» **HOW TO COMPLETE THIS TASK**: Restate the records that follow word for word; no pictures should appear.

[Data items]
────────────────────────────────────────
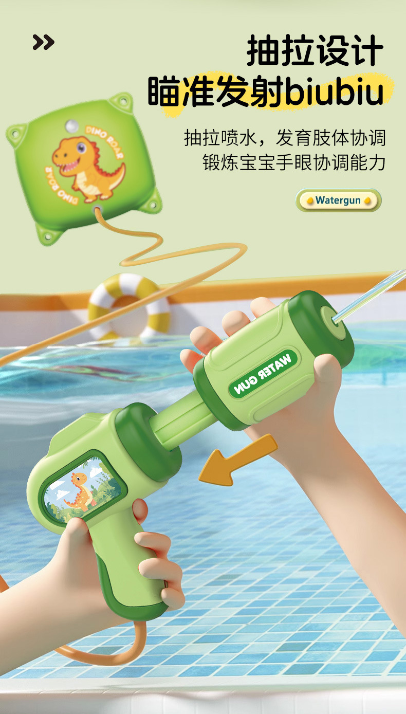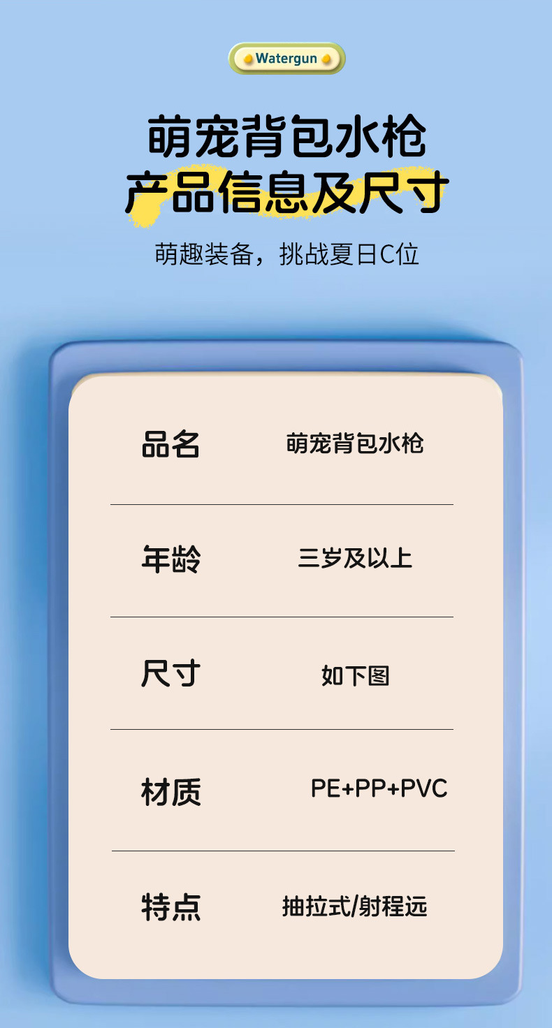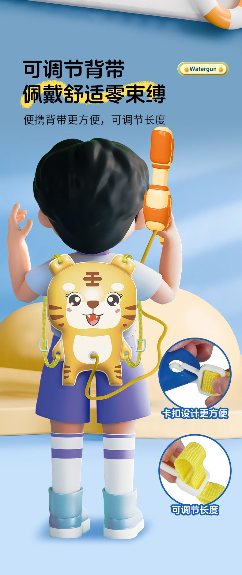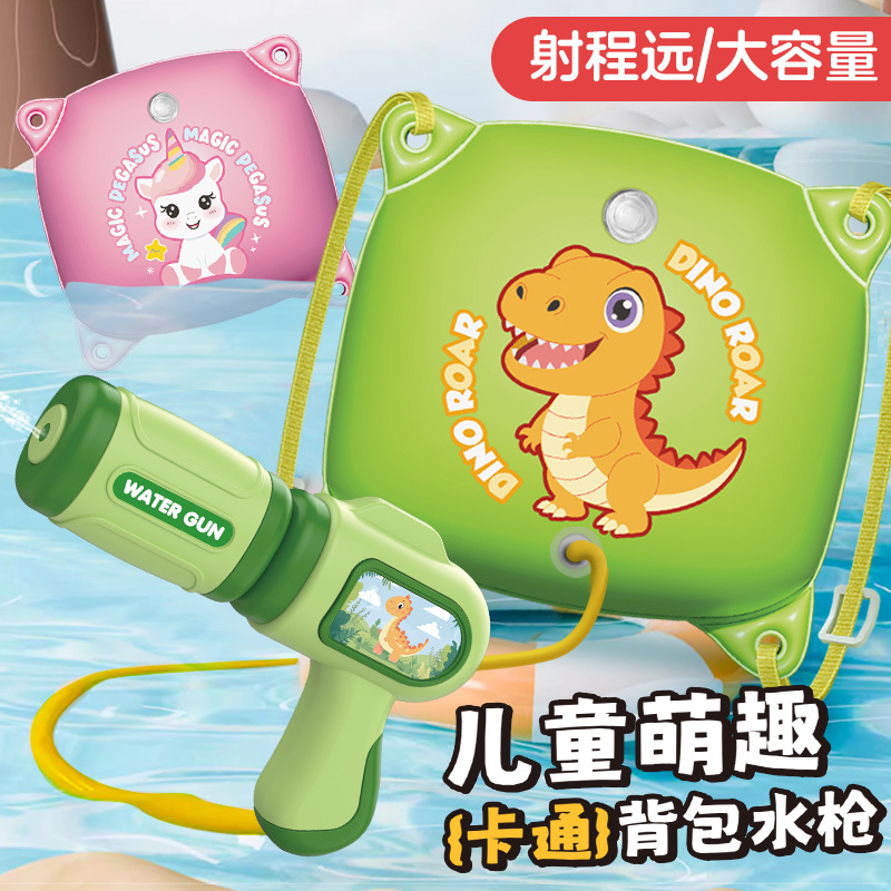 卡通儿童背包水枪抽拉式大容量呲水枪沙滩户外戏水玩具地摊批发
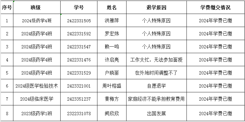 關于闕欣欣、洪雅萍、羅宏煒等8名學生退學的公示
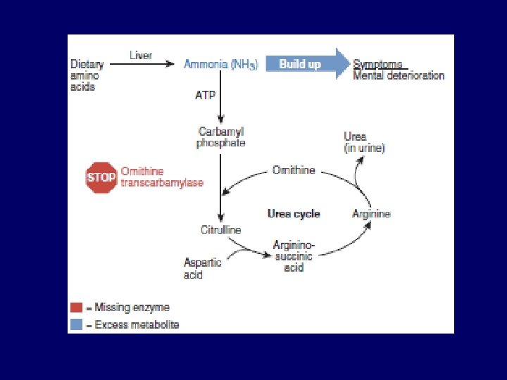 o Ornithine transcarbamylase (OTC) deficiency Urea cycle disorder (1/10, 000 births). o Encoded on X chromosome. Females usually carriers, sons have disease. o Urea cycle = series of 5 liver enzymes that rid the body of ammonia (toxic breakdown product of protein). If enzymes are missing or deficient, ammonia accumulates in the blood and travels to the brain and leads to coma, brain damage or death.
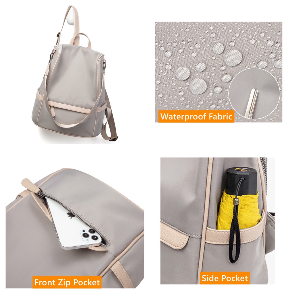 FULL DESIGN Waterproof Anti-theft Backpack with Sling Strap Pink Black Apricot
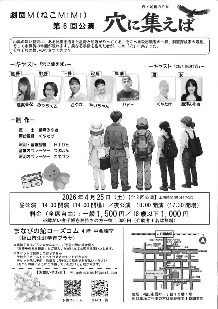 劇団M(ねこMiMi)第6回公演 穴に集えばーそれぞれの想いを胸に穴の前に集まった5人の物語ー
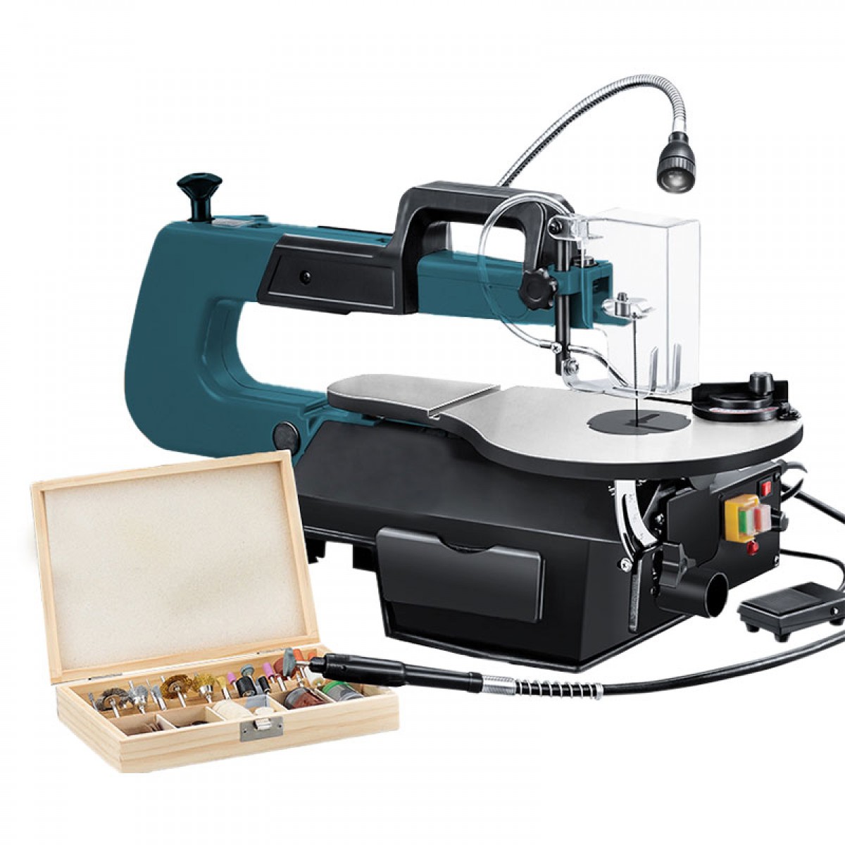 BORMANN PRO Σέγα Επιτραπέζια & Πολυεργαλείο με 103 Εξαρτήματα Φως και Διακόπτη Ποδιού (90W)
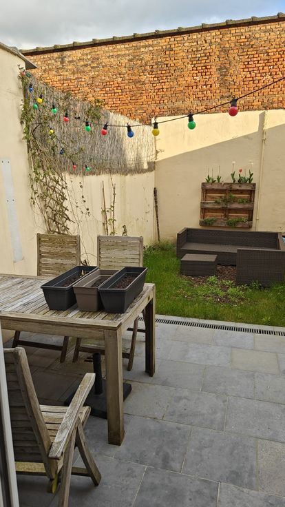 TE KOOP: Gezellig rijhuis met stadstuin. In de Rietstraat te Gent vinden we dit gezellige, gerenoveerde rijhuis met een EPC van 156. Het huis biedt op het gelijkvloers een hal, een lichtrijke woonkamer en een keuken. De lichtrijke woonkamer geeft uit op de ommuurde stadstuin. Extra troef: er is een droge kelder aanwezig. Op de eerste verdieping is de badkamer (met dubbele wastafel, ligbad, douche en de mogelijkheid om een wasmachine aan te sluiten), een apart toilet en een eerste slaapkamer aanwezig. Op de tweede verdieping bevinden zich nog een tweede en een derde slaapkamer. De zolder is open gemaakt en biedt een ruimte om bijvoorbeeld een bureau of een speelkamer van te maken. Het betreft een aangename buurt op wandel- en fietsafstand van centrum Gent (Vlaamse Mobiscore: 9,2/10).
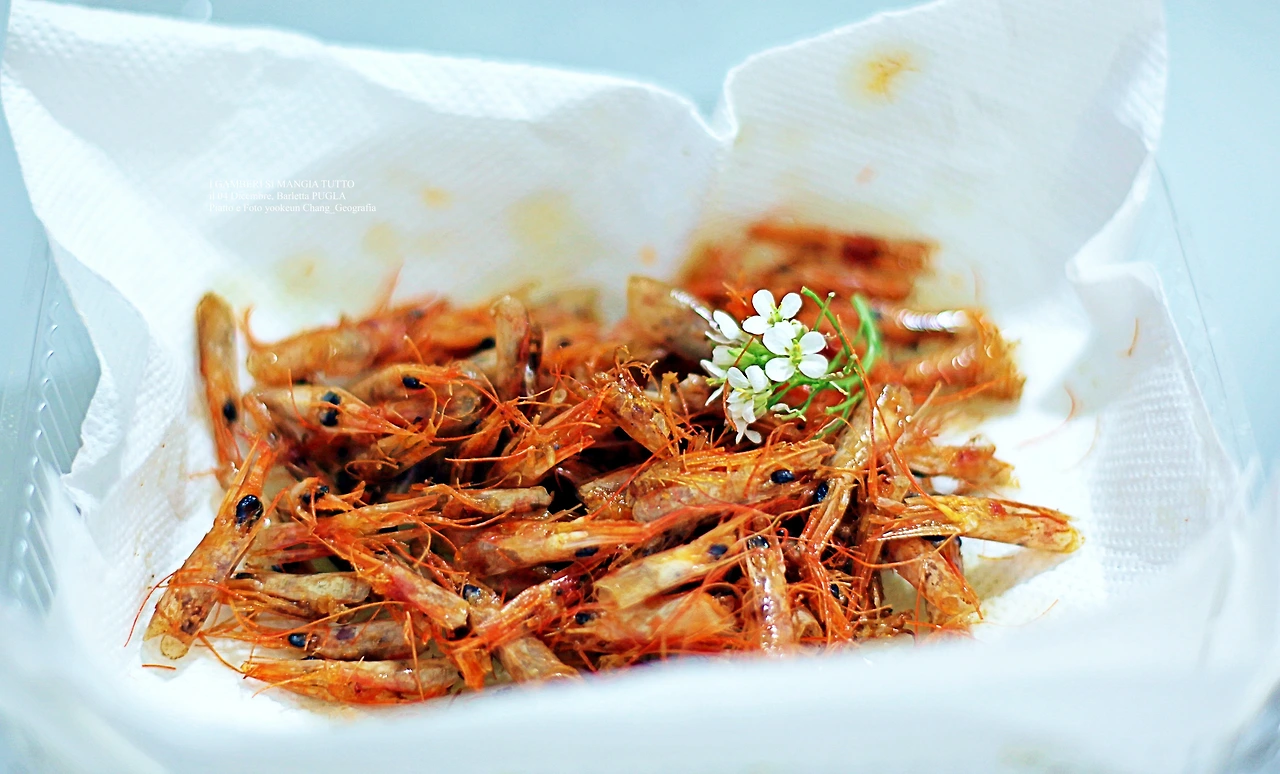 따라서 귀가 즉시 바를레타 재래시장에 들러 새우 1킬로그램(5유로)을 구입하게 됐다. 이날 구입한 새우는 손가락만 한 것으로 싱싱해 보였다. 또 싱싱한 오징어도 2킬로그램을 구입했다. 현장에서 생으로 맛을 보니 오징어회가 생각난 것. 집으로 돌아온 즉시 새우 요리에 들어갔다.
────────────────────────────────────────
» **ANSWER SECTION**:
 卡通儿童背包水枪抽拉式大容量呲水枪沙滩户外戏水玩具地摊批发
 關于闕欣欣、洪雅萍、羅宏煒等8名學生退學的公示
 o Ornithine transcarbamylase (OTC) deficiency Urea cycle disorder (1/10, 000 births). o Encoded on X chromosome. Females usually carriers, sons have disease. o Urea cycle = series of 5 liver enzymes that rid the body of ammonia (toxic breakdown product of protein). If enzymes are missing or deficient, ammonia accumulates in the blood and travels to the brain and leads to coma, brain damage or death.
 FULL DESIGN Waterproof Anti-theft Backpack with Sling Strap Pink Black Apricot
 劇団M(ねこMiMi)第6回公演 穴に集えばーそれぞれの想いを胸に穴の前に集まった5人の物語ー
 BORMANN PRO Σέγα Επιτραπέζια & Πολυεργαλείο με 103 Εξαρτήματα Φως και Διακόπτη Ποδιού (90W)
 TE KOOP: Gezellig rijhuis met stadstuin. In de Rietstraat te Gent vinden we dit gezellige, gerenoveerde rijhuis met een EPC van 156. Het huis biedt op het gelijkvloers een hal, een lichtrijke woonkamer en een keuken. De lichtrijke woonkamer geeft uit op de ommuurde stadstuin. Extra troef: er is een droge kelder aanwezig. Op de eerste verdieping is de badkamer (met dubbele wastafel, ligbad, douche en de mogelijkheid om een wasmachine aan te sluiten), een apart toilet en een eerste slaapkamer aanwezig. Op de tweede verdieping bevinden zich nog een tweede en een derde slaapkamer. De zolder is open gemaakt en biedt een ruimte om bijvoorbeeld een bureau of een speelkamer van te maken. Het betreft een aangename buurt op wandel- en fietsafstand van centrum Gent (Vlaamse Mobiscore: 9,2/10).
 따라서 귀가 즉시 바를레타 재래시장에 들러 새우 1킬로그램(5유로)을 구입하게 됐다. 이날 구입한 새우는 손가락만 한 것으로 싱싱해 보였다. 또 싱싱한 오징어도 2킬로그램을 구입했다. 현장에서 생으로 맛을 보니 오징어회가 생각난 것. 집으로 돌아온 즉시 새우 요리에 들어갔다.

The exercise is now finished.